Com relação aos capítulos do livro, faz-se importante ressaltar que após a exposição do material teórico discutiremos os resultados de um estudo de campo realizado com homossexuais masculinos moradores da Zona Sul carioca. Desta forma, compreendendo a homossexualidade moderna como uma forma de subjetividade historicamente circunscrita em seu modo de expressão e reconhecimento, o primeiro capítulo, Construção Histórica da Categoria “Homossexual”, visa esboçar o surgimento do conceito de homossexual no imaginário social do mundo ocidental contemporâneo, desde meados do século XVIII. O segundo capítulo, Homossexualidade Masculina no Rio de Janeiro no Século XX, tem por objetivo fazer uma breve revisão histórica da homossexualidade no Brasil, focalizando sobretudo a cidade do Rio de Janeiro, por ser o local que escolhemos para realizar o estudo de campo. Como este livro se concentra na categoria de homossexual moderno, deixaremos de lado a análise da homossexualidade no Brasil do descobrimento e da colônia, renunciando igualmente ao estudo do comportamento homossexual presente nas sociedades indígenas, pois estes períodos históricos e contextos culturais distintos precisam ser abordados separadamente.

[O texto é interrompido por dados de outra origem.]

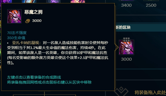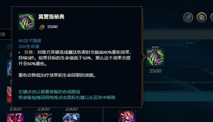 第二件要出的大件得带生命值加成,考虑到死歌被动的特性,他能走半肉路线去扛伤害。所以这时候可以选【恶魔之拥】或者【莫雷洛秘典】。

Entendendo o preconceito como um fator altamente relevante para a constituição da identidade homossexual, o terceiro capítulo pretende inicialmente fazer uma revisão dos conceitos de preconceito, estereótipo, discriminação e estigma, tal como têm sido estudados tradicionalmente pela psicologia social. Posteriormente, estas definições serão aplicadas ao caso específico da homossexualidade, terminando o capítulo com uma breve análise da representação dos homossexuais na mídia. O quarto e o quinto capítulo, Movimento e Identidade Homossexual, estão intimamente ligados entre si. Neles abordaremos a influência do movimento homossexual e de seus ganhos políticos na constituição de uma identidade específica, analisando com maiores detalhes o processo de assunção da homossexualidade. O sexto capítulo enfatizará a Subcultura Homossexual existente no Rio de Janeiro desde o início do século XX e suas características particulares, tais como subgrupos, espaços de socialização, linguagem própria e códigos de aparência externa. O sétimo capítulo, Comportamento de Consumo, tem por objetivo estudar o mercado homossexual, tanto nos Estados Unidos como no Brasil, seus reflexos na imprensa e na publicidade, assim como as críticas com relação a este tipo particular de consumo. No último capítulo discutiremos os resultados obtidos durante a pesquisa de campo para finalmente, na conclusão, tecer algumas considerações sobre a relação entre identidade, preconceito, subcultura homossexual e economia de mercado, além de apresentar sugestões para publicitários que desejem atingir o consumidor homossexual.